The pressure might be imaginary, but I feel that it permeates my life. A recent example is coming back from Japan, with barely any shopping in tow. Yeah, I didn't shop much. I took quite a bit of money with me plus my credit cards, but I didn't buy a lot of things at all. Why? I told my mother it's because I didn't go to Shibuya, where all the fab shopping is. The real reason, though, is that I just didn't feel like it.
I wanted to BE in Tokyo, to lie down in a park soaking in the autumn sun. I wanted to sit in a bench in Akihabara to watch people passing by. I wanted to go to a temple and pay homage. I wanted to experience things without having the compulsion to snap a picture or buy a souvenir.
All this past week I've been giving myself a hard time about the fact that I didn't take tons of pictures or buy lots of things. I keep telling myself, now what do I blog about? There's nothing they'd like to read! This kept looping in my head. It was really stressing me out.
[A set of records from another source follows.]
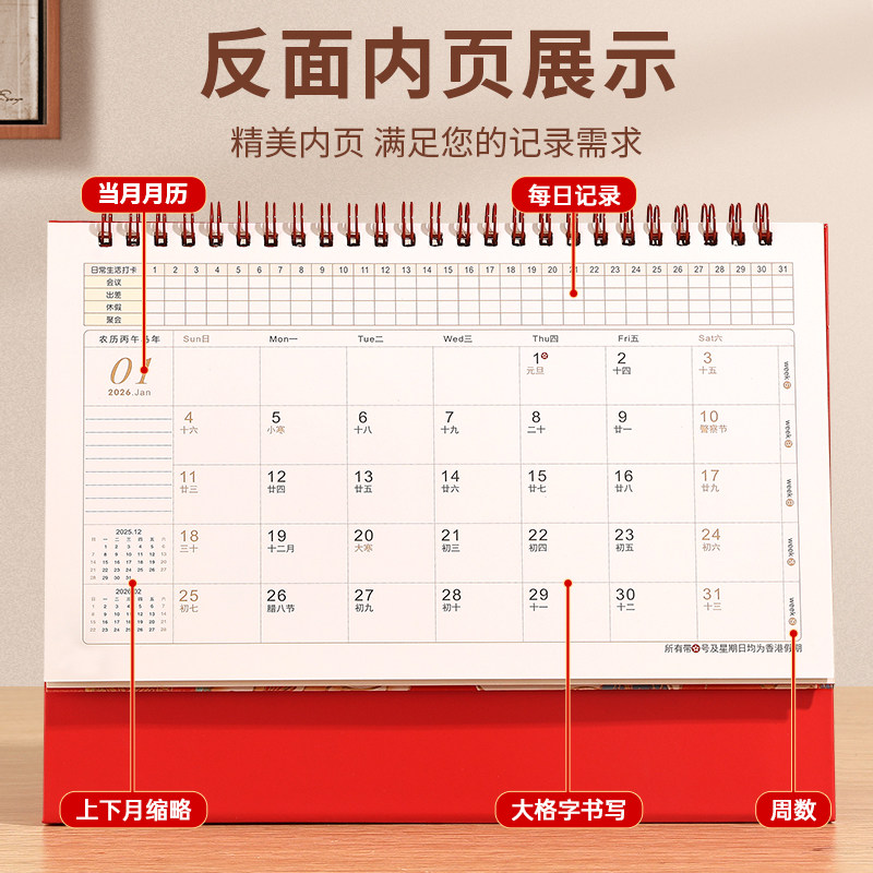 台历2026年新款日历定制logo创意简约小清新韩式办公年历个性中国风桌面摆件商务工作记事计划本订制广告月历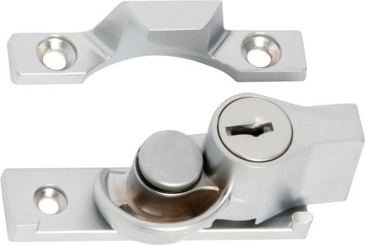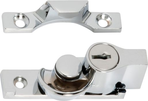 Key operated sash fasteners with narrow base and 12mm catch. Zinc alloy construction.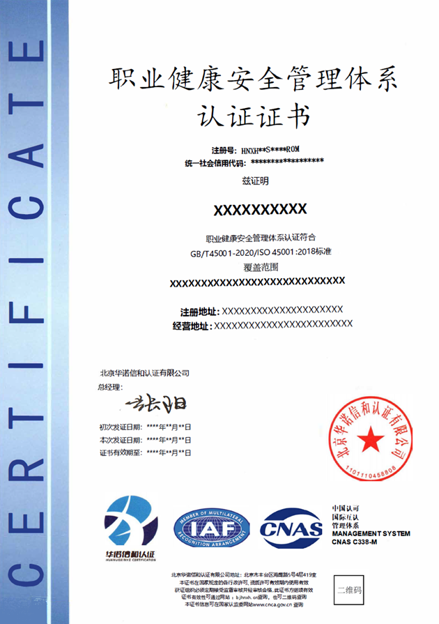 认证依据:GB/T 45001-2020 idt ISO 45001:2018,它与质量、环境管理体系并称为三体系。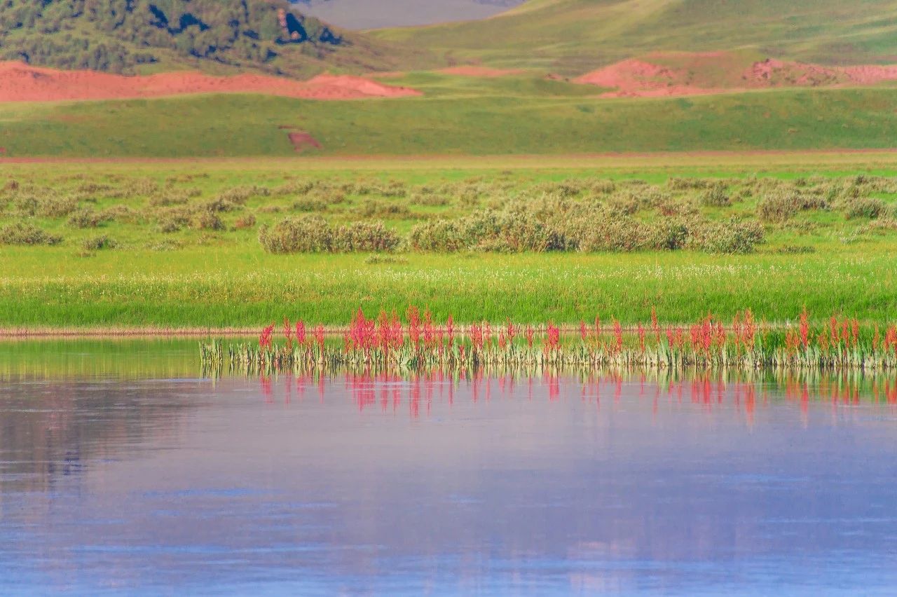 你可以策马扬鞭,驰骋在这一片水域丛生的无边灵动的草原,停在一个湖边,停在一个小山坡上,你会遇到牛羊、遇到水鸟,遇到花丛,却很少会遇到人。

Then realization dawned: I don't have to show off. I'll write about the things I care about, because I care about them and not because I want to keep up with the Jones's.
Social media has put an invisible yet powerful pressure on all of us to be someone we're not, or worse, to highlight all the things that we already are but shouldn't be. I'm guilty of succumbing to that pressure every so often - I can't help it. It's the nature of my job. But I'm not going to give myself grief the next time I don't give in to the temptation of looking cooler than I actually am.
Maybe my blog will suffer in the long run (if it hasn't already). However, I think I'd rather enjoy my life the way I want to, and not in a way that's only "blog-worthy".